ASSIGNMENT — Every line below between the one holding "Toaletní papír Harmony, 3-vrstvý, 8ks" and the one holding "Набор бит и", inclusive, should be copied exactly, and no other line.

EXERCISE DATA —
══════════════════════════════

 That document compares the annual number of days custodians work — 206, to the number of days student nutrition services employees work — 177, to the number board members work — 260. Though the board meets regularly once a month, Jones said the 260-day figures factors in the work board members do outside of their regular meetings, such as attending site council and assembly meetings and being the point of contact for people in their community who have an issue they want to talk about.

══════════════════════════════

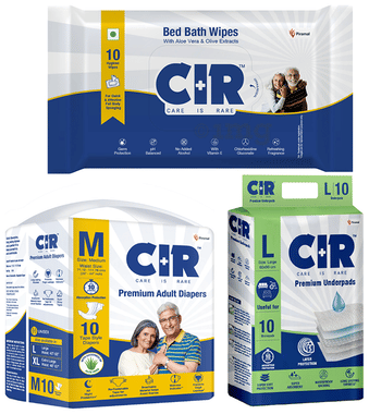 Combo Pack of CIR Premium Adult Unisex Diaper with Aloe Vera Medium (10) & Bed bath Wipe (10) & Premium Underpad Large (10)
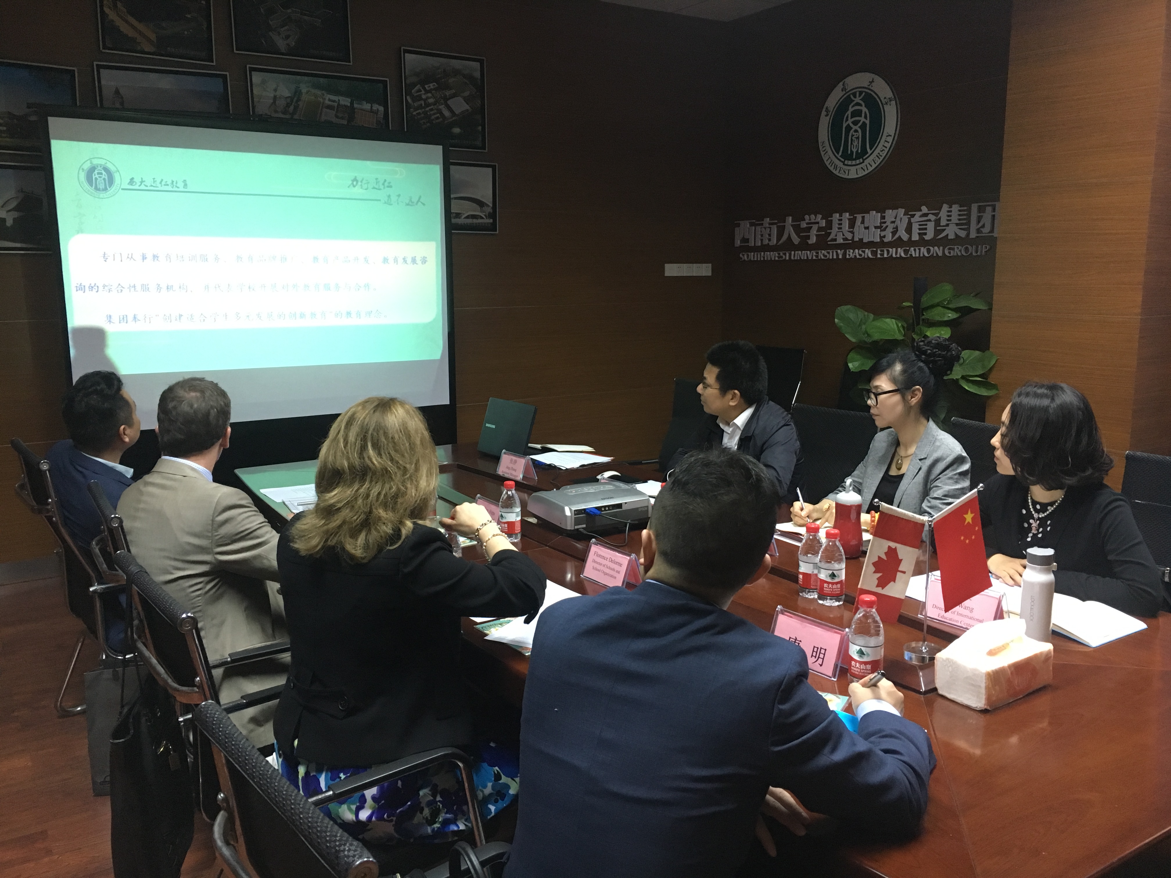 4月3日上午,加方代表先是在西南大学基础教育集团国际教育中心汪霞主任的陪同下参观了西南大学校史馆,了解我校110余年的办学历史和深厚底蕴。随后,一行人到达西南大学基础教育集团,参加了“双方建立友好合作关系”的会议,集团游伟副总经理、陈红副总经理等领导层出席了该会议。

══════════════════════════════

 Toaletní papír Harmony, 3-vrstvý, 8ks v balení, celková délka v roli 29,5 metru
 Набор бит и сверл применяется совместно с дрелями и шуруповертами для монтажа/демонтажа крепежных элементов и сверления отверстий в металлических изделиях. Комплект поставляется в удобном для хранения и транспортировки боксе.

══════════════════════════════

YOUR RESPONSE —
 Toaletní papír Harmony, 3-vrstvý, 8ks v balení, celková délka v roli 29,5 metru
 Набор бит и сверл применяется совместно с дрелями и шуруповертами для монтажа/демонтажа крепежных элементов и сверления отверстий в металлических изделиях. Комплект поставляется в удобном для хранения и транспортировки боксе.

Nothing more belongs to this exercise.